Supplied records:
....................

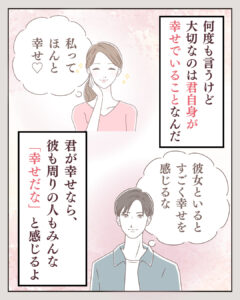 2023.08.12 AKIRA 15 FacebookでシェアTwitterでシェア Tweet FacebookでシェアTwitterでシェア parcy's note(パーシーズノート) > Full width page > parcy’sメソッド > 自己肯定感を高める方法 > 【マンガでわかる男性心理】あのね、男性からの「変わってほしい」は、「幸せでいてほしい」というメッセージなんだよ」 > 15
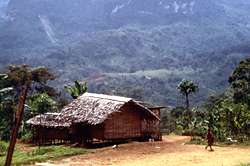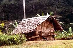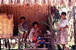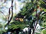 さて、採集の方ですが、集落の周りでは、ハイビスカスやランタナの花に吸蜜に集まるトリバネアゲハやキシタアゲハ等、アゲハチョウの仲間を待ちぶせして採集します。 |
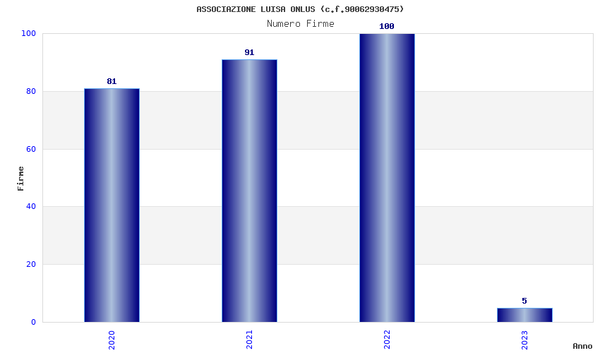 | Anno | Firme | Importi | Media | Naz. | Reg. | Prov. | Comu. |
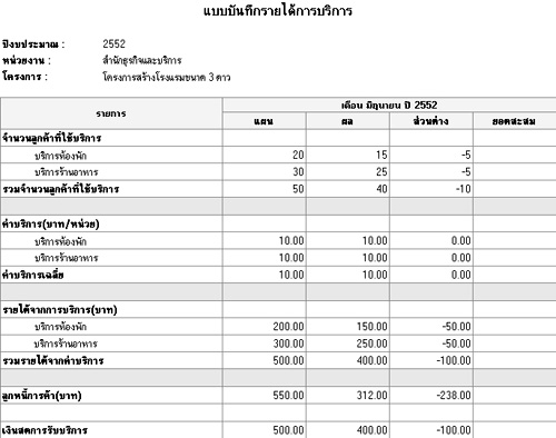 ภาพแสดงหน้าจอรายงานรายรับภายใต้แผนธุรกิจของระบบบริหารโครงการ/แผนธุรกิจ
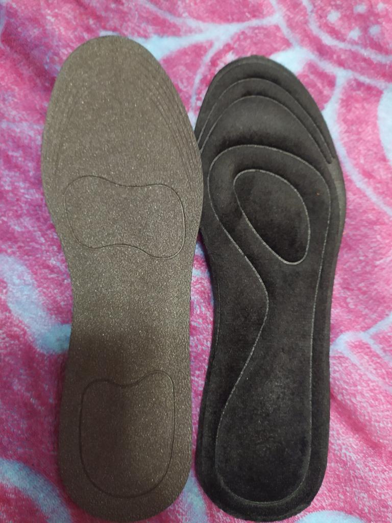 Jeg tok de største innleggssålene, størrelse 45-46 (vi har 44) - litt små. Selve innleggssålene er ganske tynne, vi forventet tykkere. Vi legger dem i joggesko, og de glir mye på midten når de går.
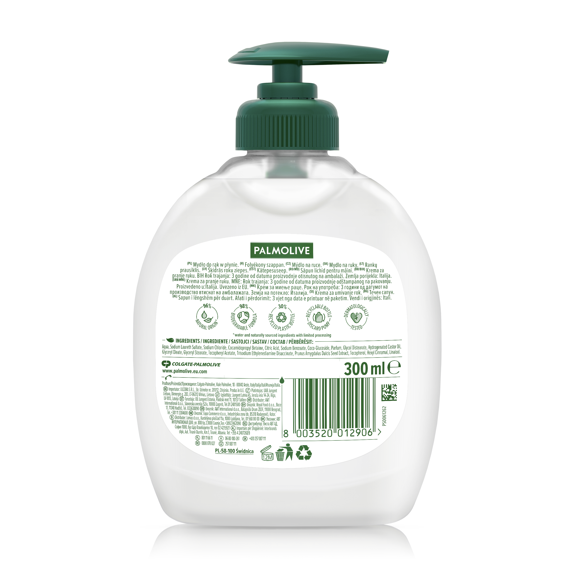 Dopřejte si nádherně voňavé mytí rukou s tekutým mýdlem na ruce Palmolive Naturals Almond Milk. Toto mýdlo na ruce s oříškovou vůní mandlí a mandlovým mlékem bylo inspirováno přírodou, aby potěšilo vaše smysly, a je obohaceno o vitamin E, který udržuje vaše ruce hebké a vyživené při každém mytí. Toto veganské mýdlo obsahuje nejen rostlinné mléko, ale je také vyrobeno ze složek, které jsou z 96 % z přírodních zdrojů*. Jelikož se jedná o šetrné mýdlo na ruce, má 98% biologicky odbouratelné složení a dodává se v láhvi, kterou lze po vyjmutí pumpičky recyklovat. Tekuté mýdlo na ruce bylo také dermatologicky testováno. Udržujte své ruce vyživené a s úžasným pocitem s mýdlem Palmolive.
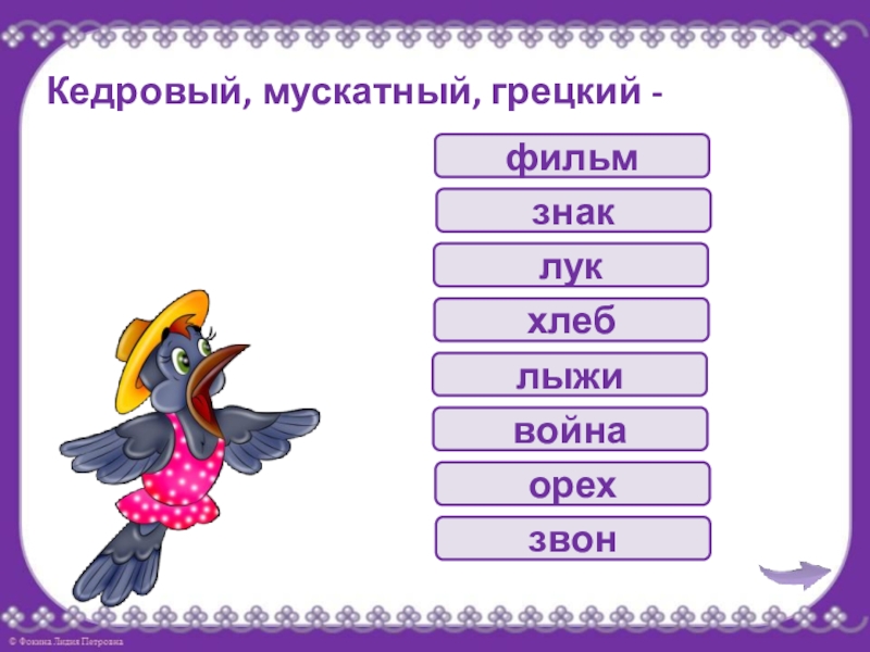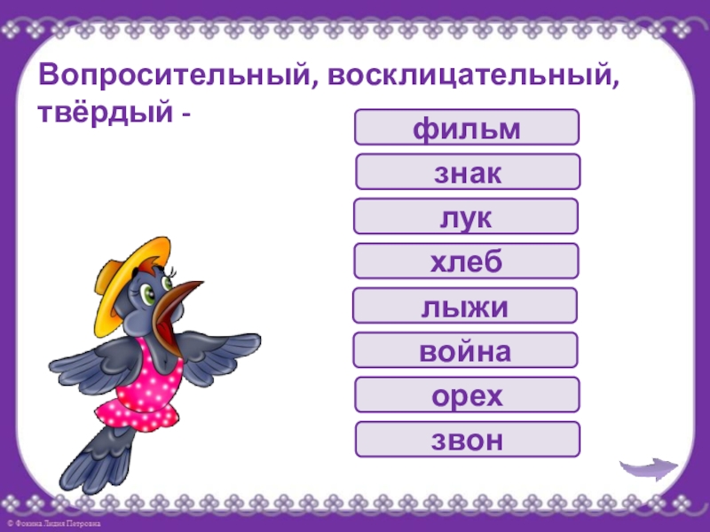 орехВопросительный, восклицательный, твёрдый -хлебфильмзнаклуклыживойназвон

....................

What the task requires: The reply should hold the entries above from the line with "さて、採集の方ですが、集落の" to the line with "ภาพแสดงหน้าจอร", duplicated exactly, pictures excluded.

Completed exercise:
 さて、採集の方ですが、集落の周りでは、ハイビスカスやランタナの花に吸蜜に集まるトリバネアゲハやキシタアゲハ等、アゲハチョウの仲間を待ちぶせして採集します。 |
 | Anno | Firme | Importi | Media | Naz. | Reg. | Prov. | Comu. |
 ภาพแสดงหน้าจอรายงานรายรับภายใต้แผนธุรกิจของระบบบริหารโครงการ/แผนธุรกิจ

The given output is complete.